1. Download dei dati e preparazione dei set di training e di test;
2. Definizione del modello di classificazione dei dati (in `tensorflow.keras`);
3. Training del modello;
4. Valutazione del modello su un set di test;
5. Bellurie rafiche per mostrare i risultati.
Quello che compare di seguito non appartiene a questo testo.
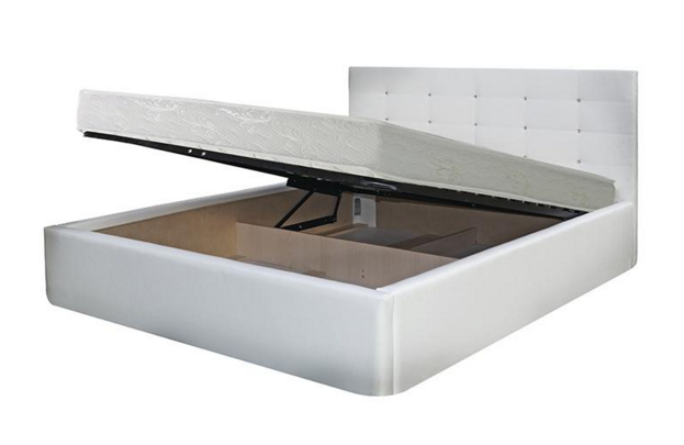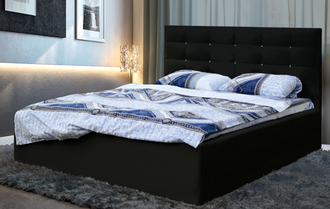 Кровать двуспальная «Виктория» обладает привлекательным внешним видом благодаря декорированию изголовья пуговицами с крупными кристаллами. Корпус и прямоугольная опорная спинка обтянуты кожзамом. Эффектная прострочка подчёркивает правильные геометрические формы изделия. Корпус кровати плотно прилегает к полу. Откидной механизм обеспечивает простоту подъёма металлического каркаса и доступ к секциям для хранения постельных принадлежностей.
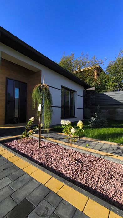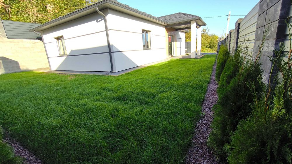 Повністю освоєна території - заїзд, газон, барбарис, туї, гортензії,модрина, ялина колюча Блу Даймонд.
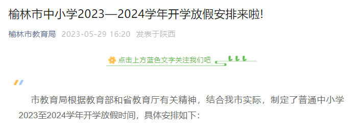 延安市教育局关于2023年全市中小学
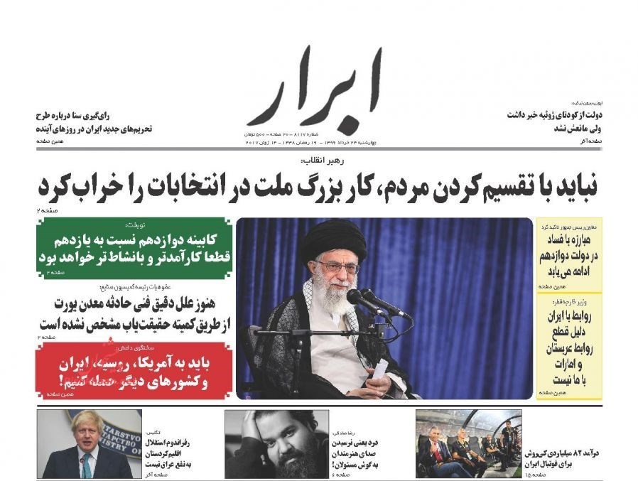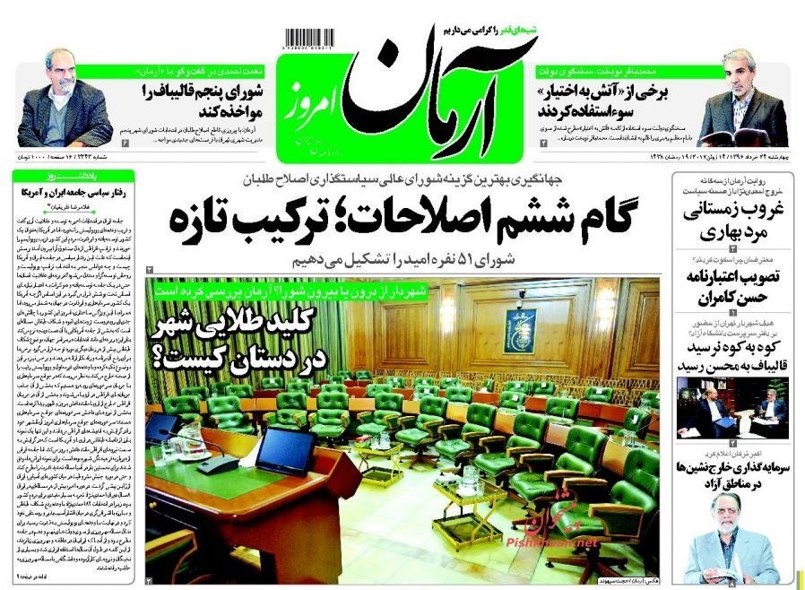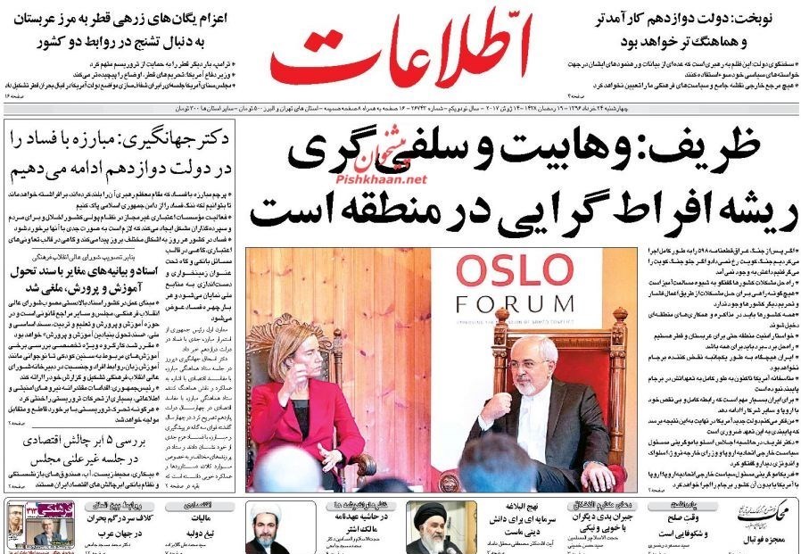 تصاویر صفحه اول روزنامه‌های چهارشنبه 24 خرداد
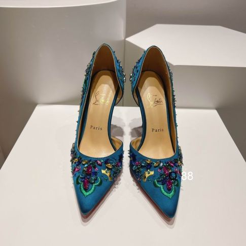 CL Brodiriza Embellished D'orsay Pumps 100mm Satin Blue

In questo notebook sfrutto alcune funzioni di uso generico per il download dei dati e la realizzazione di gif sviluppate per il progetto SpQR-Flow.

In [None]:
# Download della repository HitHub con SpQR-Flow

! git clone https://github.com/MarcoRiggirello/SpQR-Flow.git

fatal: destination path 'SpQR-Flow' already exists and is not an empty directory.


In [None]:
# per importare moduli in locale

import sys
import os

py_file_location = "/content/SpQR-Flow/SpQR-Flow"
sys.path.append(os.path.abspath(py_file_location))

In [None]:
# Caricamento di alcune librerie
import time

import numpy as np
import pandas as pd
import seaborn as sns
import imageio
from PIL import Image

from download import download_file

## Downloading data

To download the dataset we use the function download_file in the \texttt{download.py} module: it will check if the dataset already exists in the current directory or download it from the internet.

In [None]:
url = 'https://archive.ics.uci.edu/ml/machine-learning-databases/00280/HIGGS.csv.gz'
file_path = os.path.join('../model_test/download/HIGGS.csv.gz')
download_file(url, file_path)

## Loading the dataset

In [None]:
t0 = time.time()

column_labels = ['label','lepton pT', 'lepton eta', 'lepton phi',
                 'missing energy magnitude', 'missing energy phi',
                 'jet 1 pt', 'jet 1 eta', 'jet 1 phi',
                 'jet 1 b-tag', 'jet 2 pt', 'jet 2 eta',
                 'jet 2 phi', 'jet 2 b-tag', 'jet 3 pt',
                 'jet 3 eta', 'jet 3 phi', 'jet 3 b-tag',
                 'jet 4 pt', 'jet 4 eta', 'jet 4 phi',
                 'jet 4 b-tag', 'm_jj', 'm_jjj','m_lv',
                 'm_jlv', 'm_bb', 'm_wbb', 'm_wwbb']
data = pd.read_csv(file_path,
                   header=0,
                   names=column_labels,
                   nrows=8192*512)
t1 = time.time()
print(f'time to read {data.ndim} events = {t1 - t2 :.0f} s')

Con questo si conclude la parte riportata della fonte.